The function that you search for called bwselect:
foo=[1 1 1; 1 0 0; 1 0 1]
b=bwselect(foo,1, 1)
Note that you can define also fourth input n (like that: bwselect(foo,1,1,n)), that can have a value of 4 to specify 4-connected region, or 8 to specify 8-connected region.

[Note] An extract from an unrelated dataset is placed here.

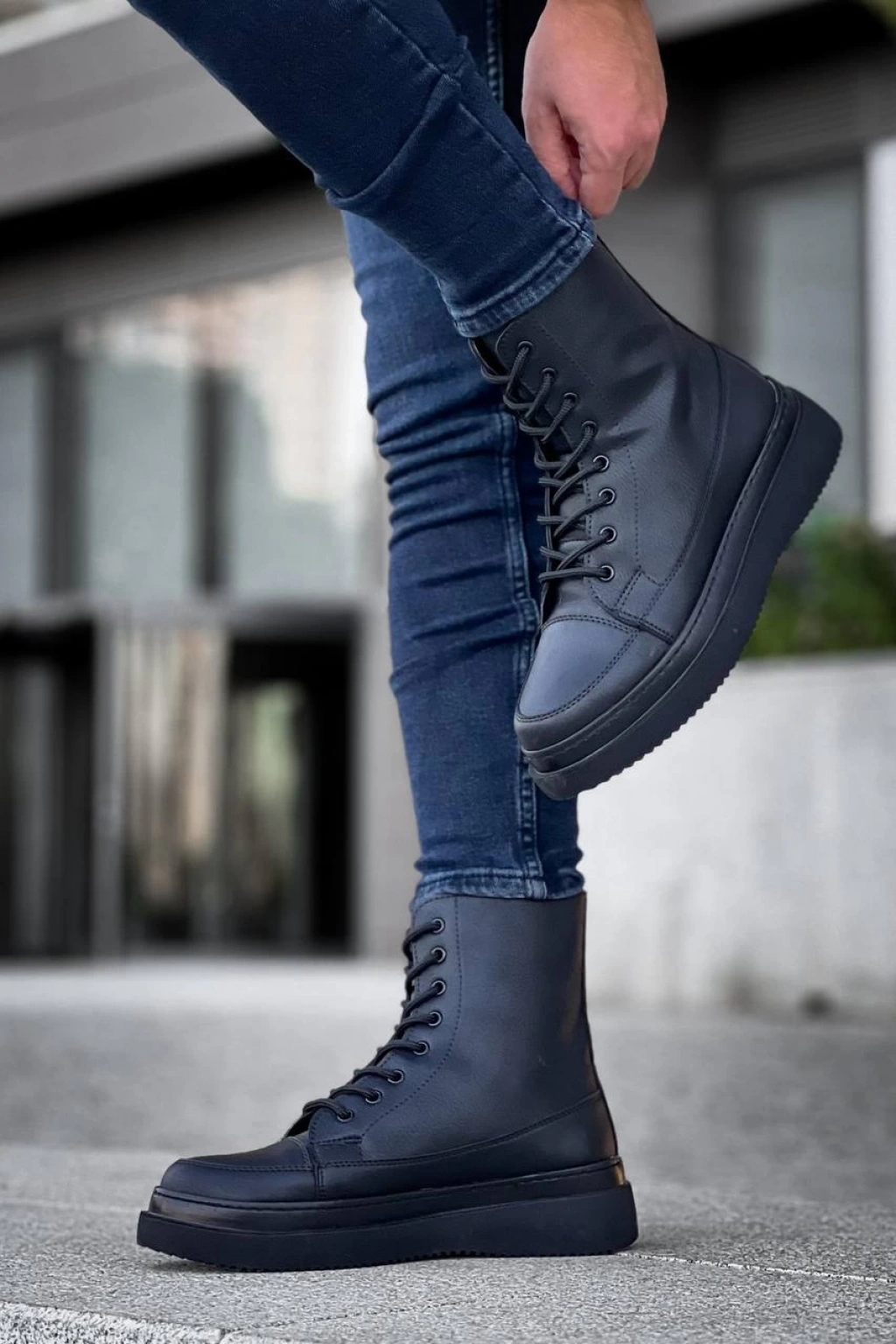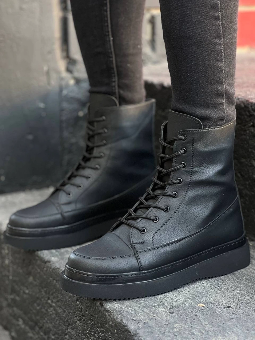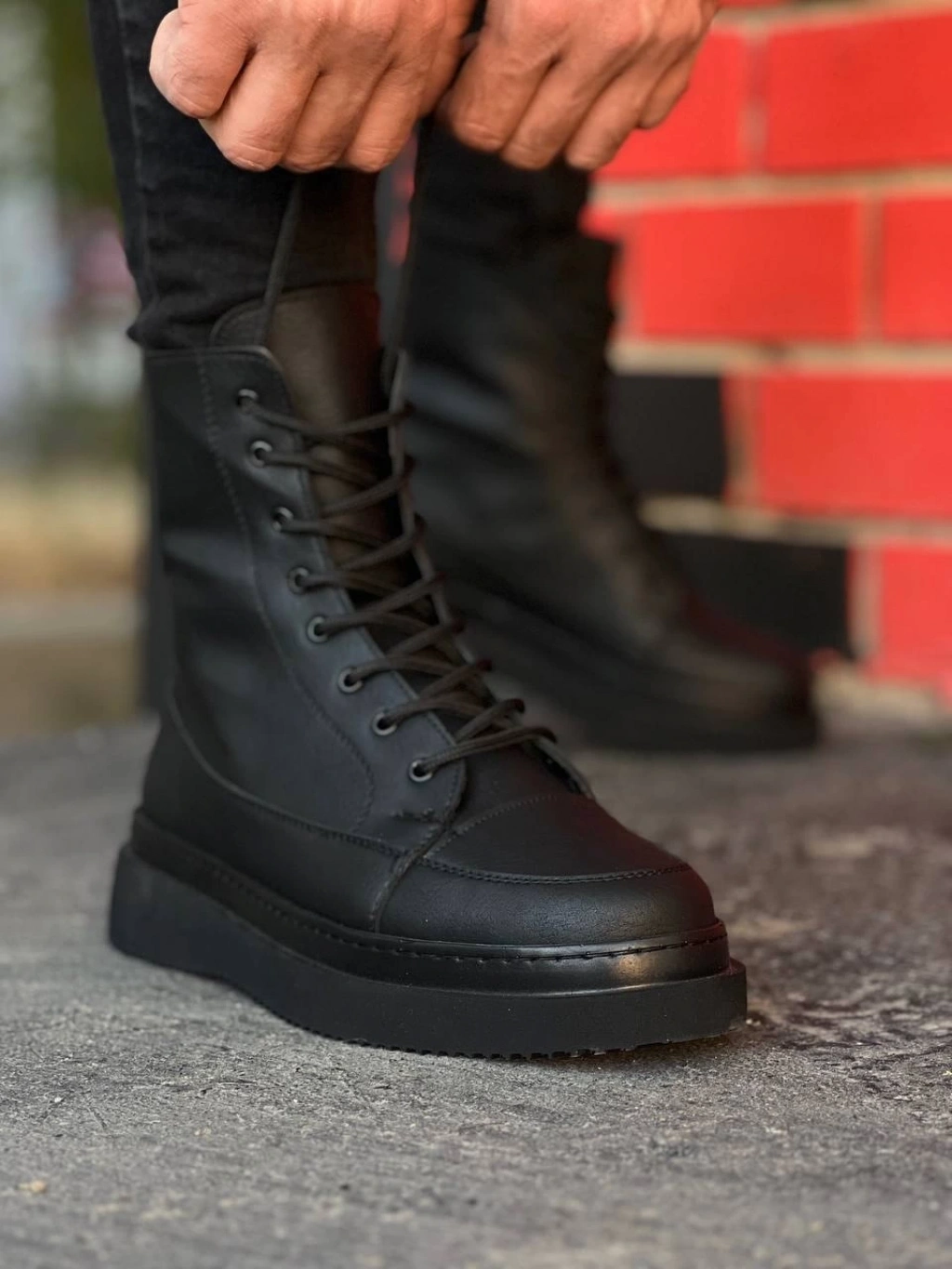 KB-0991 Siyah Cilt Siyah Yüksek Taban Bağcıklı Postal Bot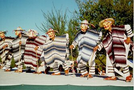 Folklórico dancers at La Fiesta de Tumacácori, kids in costumes, masks, and holding canes

Adiel answered your second question "Perhaps a built-in function?". As for the first part:
I'm not familiar with linked lists in MATLAB. However, you can speed up your function significantly by initializing the size of the points-matrix and don't change the size after that. Pre-initialization should always be done in MATLAB. If the function won't work with matrices of fixed size, I would always recommend you to try to rewrite the function.
For your specific case:
function [outImage] = flood_fill(inImage,start_x,start_y)
width = size(inImage,2);
height = size(inImage,1);
outImage = zeros(height,width);
points = zeros(nnz(inImage),2); % I take it this is the maximum size
points(1,:) = [start_x start_y];
k = 1; % Increment row number in points
while size(points,1)>0
k = k + 1;
y=points(k, 2);
x=points(k, 1);
I understand it you have programming skills in general, so I believe you should be able to adapt the remaining code to the new format. (I don't have time to go through it and rewrite it). I'm quite sure it will run much faster!